Действительно размышлял, а обмолвка в тексте поэмы, что граф прихватил из Парижа в числе прочего «ужасную книжку Гизота», дает возможность уточнить эту роль. «Гизо объяснил одно из событий христианской истории: европейское просвещение <…> Не говорите: иначе нельзя было быть. Коли было бы это правда, то историк был бы астроном, и события жизни человечества были бы предсказаны в календарях, как и затмения солнечные. Но провидение не алгебра. Ум человеческий <…> видит общий ход вещей и может выводить из оного глубокие предположения, часто оправданные временем, но невозможно ему предвидеть случая – мощного, мгновенного орудия провидения. <…> никто не предсказал ни Наполеона, ни Полиньяка (VII, 147; курсив Пушкина. – А. Б). Эта выкладка полностью уничтожает всю цепь рассуждений о том, что «история мира» зависит от какого-то «соблазнительного происшествия». Отвергая крайности понимания истории как произвольного или, наоборот, «фатального» процесса, Пушкин признает особую роль случая, называя его «орудием провидения». Тогда пародирование истории означает пародирование случая как орудия провидения. Как это понимать?
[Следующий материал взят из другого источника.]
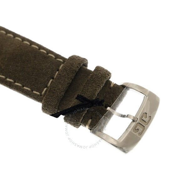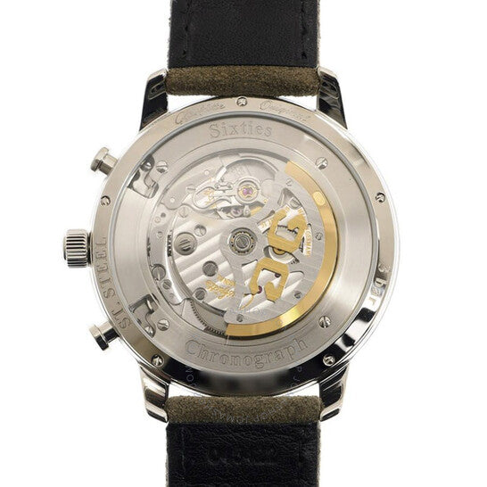 Stainless steel case with a brown (calfskin) leather strap. Fixed stainless steel bezel. Green and black dial with luminous silver-tone hands and index hour markers. Minute markers around the outer rim. Dial Type: Analog. Luminescent hands and markers. Chronograph - two sub-dials displaying: 60 second and 30 minute. Glashutte calibre 39-34 automatic movement, containing 51 Jewels, bitting at 28800 vph, and has a power reserve of approximately 40 hours. Scratch resistant sapphire crystal. Pull / push crown. Transparent case back. Round case shape. Case size: 42 mm. Case thickness: 12.4 mm. Band width: 22 mm. Tang clasp. Water resistant at 30 meters / 100 feet. Functions: chronograph, hour, minute, second. Additional Info: original box, manual (complete accessories). Sixties Series. Luxury watch style. Watch label: Made in Germany. Glashutte Sixties Chronograph Automatic Green Dial Men's Watch 1-39-34-05-22-04.
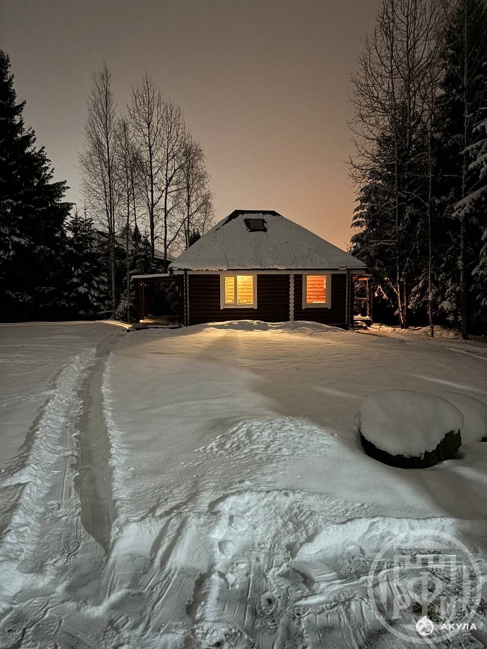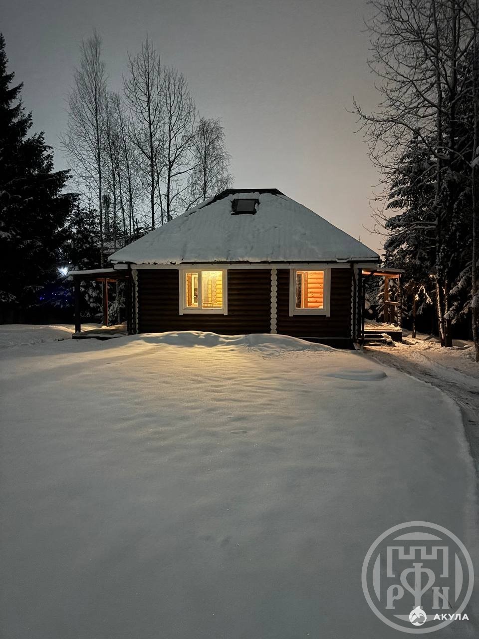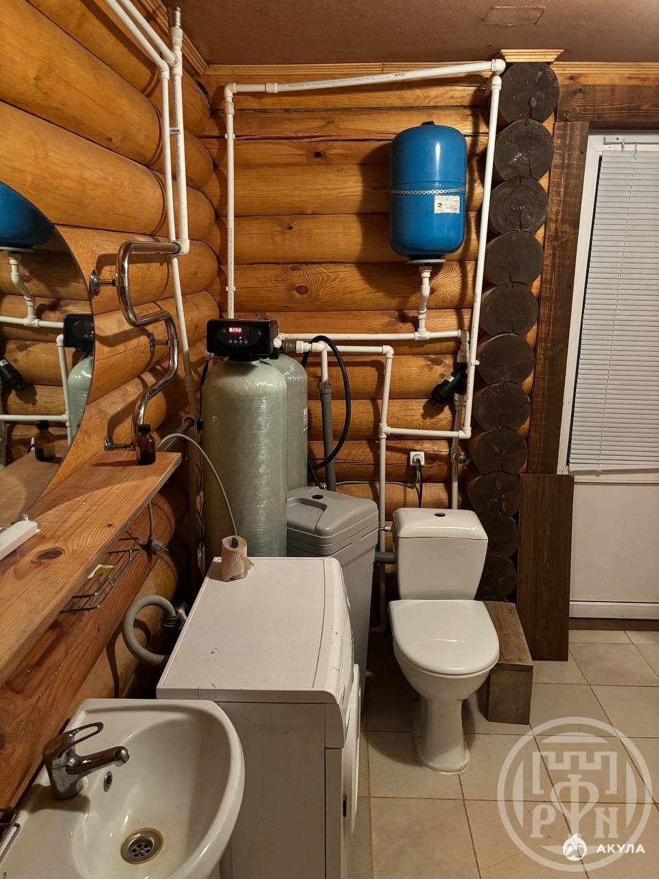 Дом:104 м.кв., построен из оцилиндрованного бревна диаметром 240 мм . Фундамент: буровые сваи заполненные цементно-песчаной смесью. Коммуникации: отопление от газового котла, канализация -септик, вода питьевая-колодец 5 колец (система фильтрации), электричество -5 квт. ( с возможностью увеличения до 15 кВт). Дом состоит из двух этажей. На первом этаже расположена кухня-гостиная , две спальни и сан/ узел с баней на дровах. На втором этаже единое пространство 25 м2.
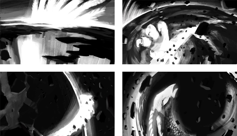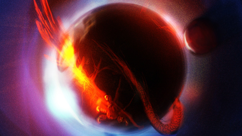All begins when the space dragon dies. Galaxies, suns and planets are born from dust of the dying creature.”
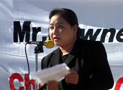 代表法轮功学员的起诉人之一章翠英女士发言说: 今天我面对法庭,是因为我相信澳洲的司法机构是公正的。澳洲是一个民主国家,澳洲人民有权利维护人权、良知和正义。和(中共统治下的)中国完全不一样。

Из параллели между современностью и римской историей, владевшей умами будущих мятежников, возможно предположение, что они слишком полагались на модель, слишком верили в успех, не считаясь с волей провидения. Эту версию придется отклонить.

В замечаниях Никиты Муравьева на полях «Писем русского путешественника», касающихся Французской революции, примечательна пометка к фразе Н.М. Карамзина: «Предадим, друзья мои, предадим себя во власть Провидения». Здесь «молодой якобинец» пишет: «Революция была, без сомнения, в его плане»[114]. Предполагаемый переворот в России, по этой логике, тоже входил в планы Провидения. «Всякие насильственные потрясения гибельны, и каждый бунтовщик готовит себе эшафот», – убеждал авторитетный писатель. Пометка Никиты Муравьева: «Что ничего не доказывает»[115]. Эшафот не исключался. Вряд ли Пушкин не знал этих настроений. Получается, что заговорщики не давали никаких поводов для пародирования своего вмешательства в ход российской истории. Пушкин все же думал иначе. И здесь, как представляется, самым существенным образом сказались уроки, извлеченные из Шекспира.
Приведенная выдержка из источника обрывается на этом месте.